An estimate of greenhouse gas (N2O and CO2) mitigation potential under various scenarios of nitrogen use efficiency in Chinese croplands

It is well recognized that improving nitrogen use efficiency (NUE) can directly reduce nitrous oxide (N2O) emission in cropland and indirectly reduce carbon dioxide (CO2) release from nitrogen (N) production, while such a reduction has not been well quantified in China. We estimated the greenhouse gas (GHG; N2O and CO2) mitigation potential (MP) from Chinese cropland and its regional distribution by quantifying NUE and determining the amount of over‐applied synthetic N under various scenarios of NUE. We estimated that synthetic NUE in the late 1990s was 31±11% (mean±SD) for rice, 33±13% for wheat, and 31±11% for maize cultivation. Improving NUE to 50% could cut 6.6 Tg of synthetic N use per year, accounting for 41% of the total used.
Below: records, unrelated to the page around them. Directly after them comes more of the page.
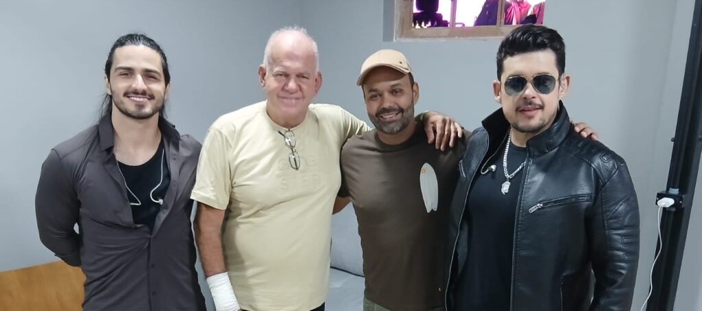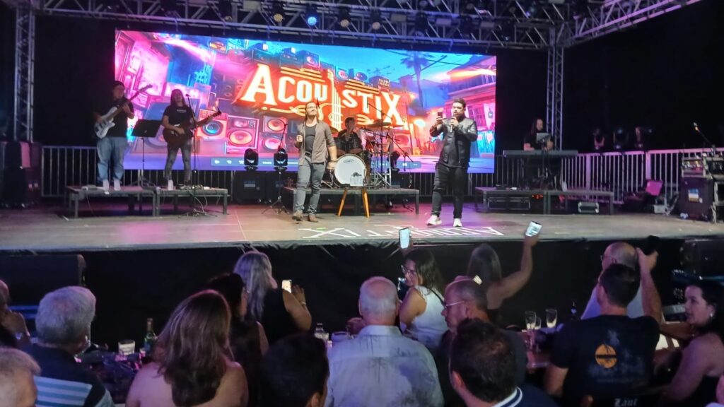 Antes do show, Edu e Bruno, vocalistas do Acoustix, recebem no camarim o anfitrião Ricardo Barros Mendes e a Coluna.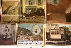 On distingue trois catégories d'ex-votos. Les plus nombreux sont les plaques de marbre, on en dénombre environ 650. La seconde catégorie comprend environ une centaine d'ex-votos divers contenant du texte encadré et comportant un élément éventuel d’ornementation (bouquets de fleurs séchées, tapisseries, cheveux, photographies, etc.). La troisième catégorie est celle des tableaux ou tableautins (compte tenu de leurs dimensions généralement modestes). Ces tableaux peuvent être subdivisés en deux types : d’une part ceux qui sont une représentation générale de la Vierge, du Christ, ou de saints, et d’autre part ceux qui représentent un événement précis que le donateur a voulu perpétuer en peignant, dessinant lui-même ou en confiant à un artisan ou artiste professionnel la réalisation du tableau. C’est, sans doute, la forme d’ex-voto la plus intéressante, car au témoignage de la foi s'ajoute un témoignage sur la vie de nos ancêtres, leur habitat, leurs moyens de transport, leur habillement, etc. Ils ne représentent toutefois ici qu’environ 75 ex-votos sur un total de près de 900.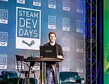 Valve announced Steam, its digital distribution service, at the 2002 Game Developers Conference.[90][91] It was launched in September 2003 and was first used to deliver patches and other updates to Valve's online games.[92][93]

As a result of this reduction, the direct N2O emission from croplands together with CO2 emission from the industrial production and transport of synthetic N could be reduced by 39%, equivalent to 60 Tg CO2 yr−1. The MP was probably underestimated because organic N supply was not taken into account when estimating NUE. It was concluded that improving N management can greatly reduce GHG (N2O and CO2) emissions in Chinese croplands, and mitigation in the Jiangsu, Henan, Shandong, Sichuan, Hubei, Anhui, and Hebei provinces should be given priority.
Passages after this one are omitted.